WORLD German gov't to provide rapid assistance to flood victims


German gov't to provide rapid assistance to flood victims


10:07, July 20, 2021

A member of the Bundeswehr forces, surrounded by partially submerged cars, wades through the flood water following heavy rainfalls in Erftstadt-Blessem, Germany, on July 17, 2021. (Photo: Agencies)

BERLIN -- In the wake of severe flash floods that have hit Germany in recent days, the government could greenlight emergency aid and reconstruction assistance worth billions of euros as early as Wednesday, Interior Minister Horst Seehofer said at a press conference here on Monday.

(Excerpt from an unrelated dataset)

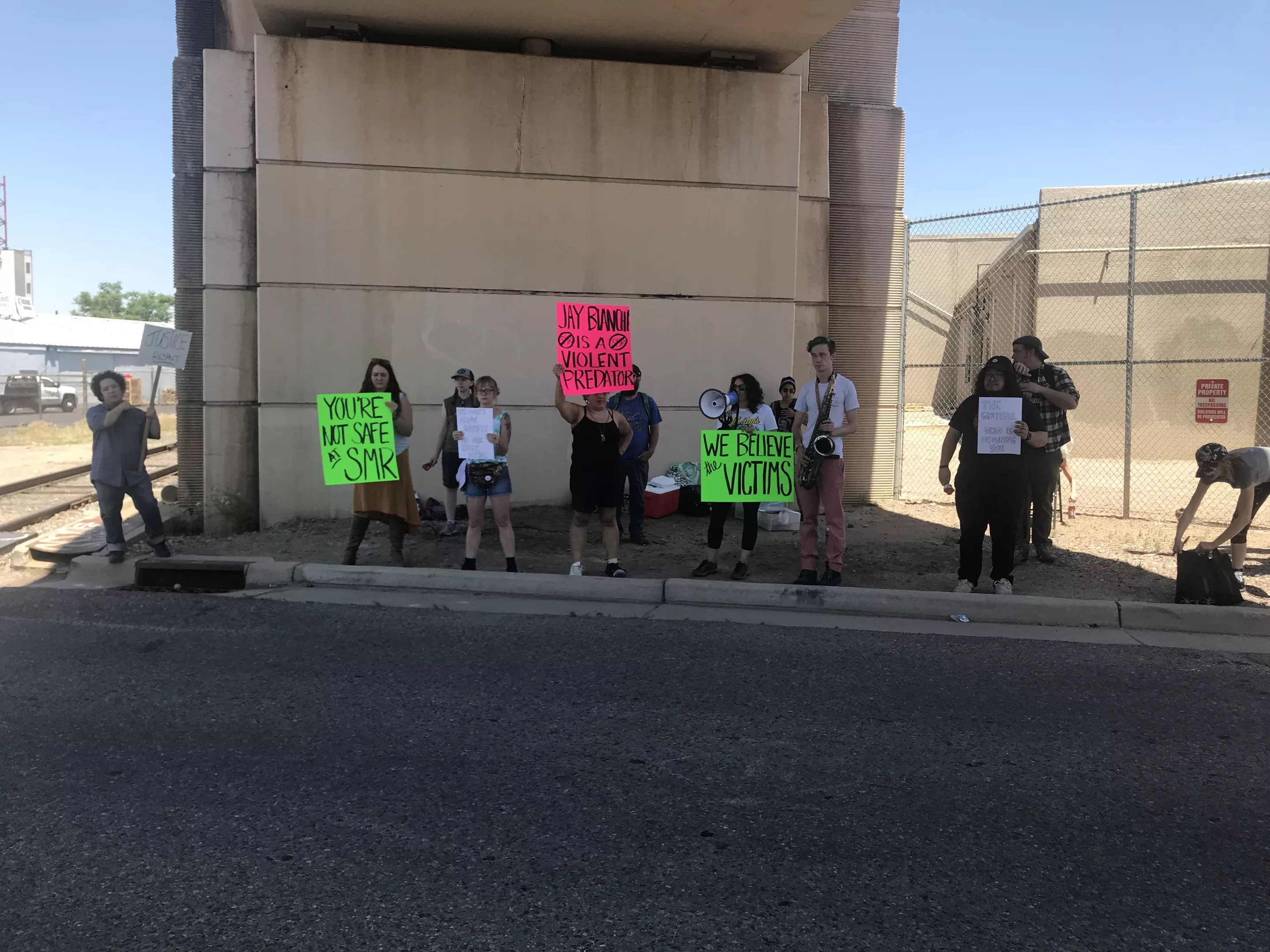 The Colorado Musicians Union pickets So Many Roads Breweries, with signs that state: “You’re Not Safe at SMR,” “Jay Bianchi Is a Sexual Predator,” and “We Believe the Victims.”

"People can count on us not only to talk about it in these very serious hours, but also to implement things quickly," Seehofer said.

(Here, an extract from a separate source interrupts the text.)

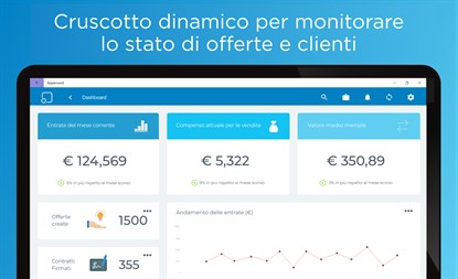 Apparound conserva tutte le sue funzionalità anche in assenza di connessione a internet. Il venditore può mostrare i contenuti di vendita, elaborare l'offerta e raccogliere la firma del cliente in un solo incontro. Apparound aiuta le aziende a incrementare la produttività del proprio team di vendita semplificando la gestione dell’incontro per il venditore e il processo di acquisto per il cliente.

Last week, the intense rainfall and the ensuing catastrophic floods in part of Germany blocked roads and highways, cut off electricity and swept away entire houses. North Rhine-Westphalia and Rhineland-Palatinate were hit particularly hard, with more than 160 people killed, around 750 injured and many still missing.

Mobile networks and electricity grids in the affected areas are still not working properly. According to Germany's largest mobile network operator Vodafone, one in six base stations were still cut off from the network on Monday, with many sites damaged or even completely destroyed.

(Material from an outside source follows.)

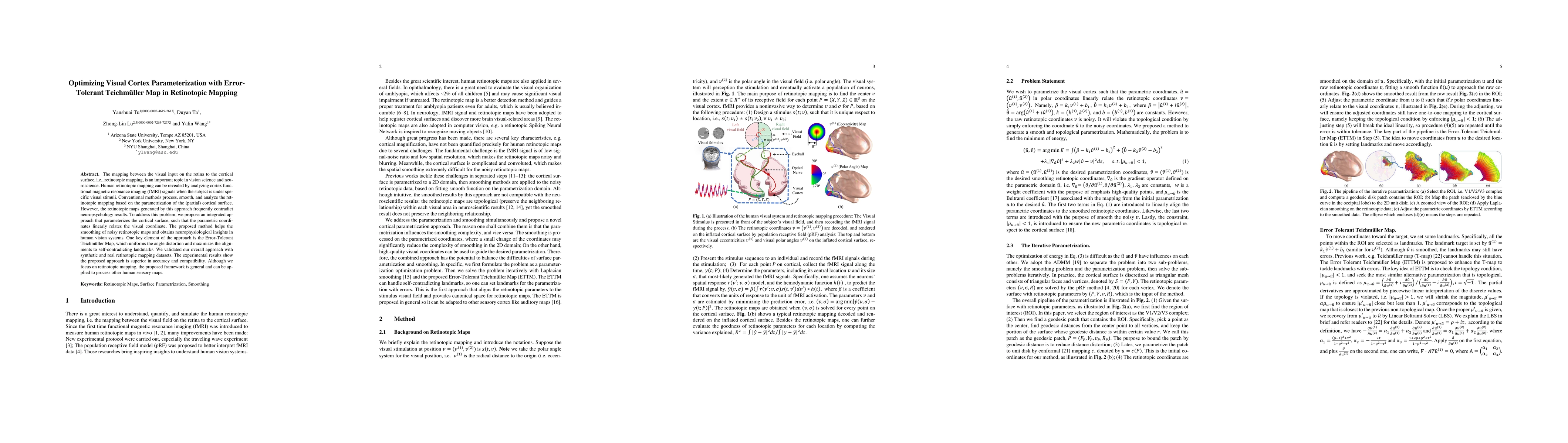 The mapping between the visual input on the retina to the cortical surface, i.e., retinotopic mapping, is an important topic in vision science and neuroscience. Human retinotopic mapping can be revealed by analyzing cortex functional magnetic resonance imaging (fMRI) signals when the subject is under specific visual stimuli. Conventional methods process, smooth, and analyze the retinotopic mapping based on the parametrization of the (partial) cortical surface. However, the retinotopic maps generated by this approach frequently contradict neuropsychology results. To address this problem, we propose an integrated approach that parameterizes the cortical surface, such that the parametric coordinates linearly relates the visual coordinate. The proposed method helps the smoothing of noisy retinotopic maps and obtains neurophysiological insights in human vision systems. One key element of the approach is the Error-Tolerant Teichmuller Map, which uniforms the angle distortion and maximizes the alignments to self-contradicting landmarks. We validated our overall approach with synthetic and real retinotopic mapping datasets. The experimental results show the proposed approach is superior in accuracy and compatibility. Although we focus on retinotopic mapping, the proposed framework is general and can be applied to process other human sensory maps.

Westnetz, the region's biggest grid operator, is still busy getting electricity running again. The task is made difficult because all buildings connected to the power lines have to be individually checked for water levels first.

In some regions like Ahrtal, it is "not foreseeable yet" when electricity will run again, according to Westnetz. The company is currently working on "provisionally restoring electricity" with emergency generators, many of which were donated by other German companies, such as E.ON subsidiary VSE.

Although extreme summer rainfall events have always occurred, "the observed increase in frequency and intensity in recent years is clearly related to climate change," Thomas Kesseler-Lauterkorn of the German Weather Service told Xinhua. Nonetheless, the flash floods could be described as a "once-in-a-century event".

Germany would face "such climate events more often in the future, and we need better prevention", said North Rhine-Westphalia's Minister President Armin Laschet, who visited the Steinbachtal Dam together with Seehofer, where thousands of helpers were able to prevent a collapse of the dam and further flooding by pumping out water.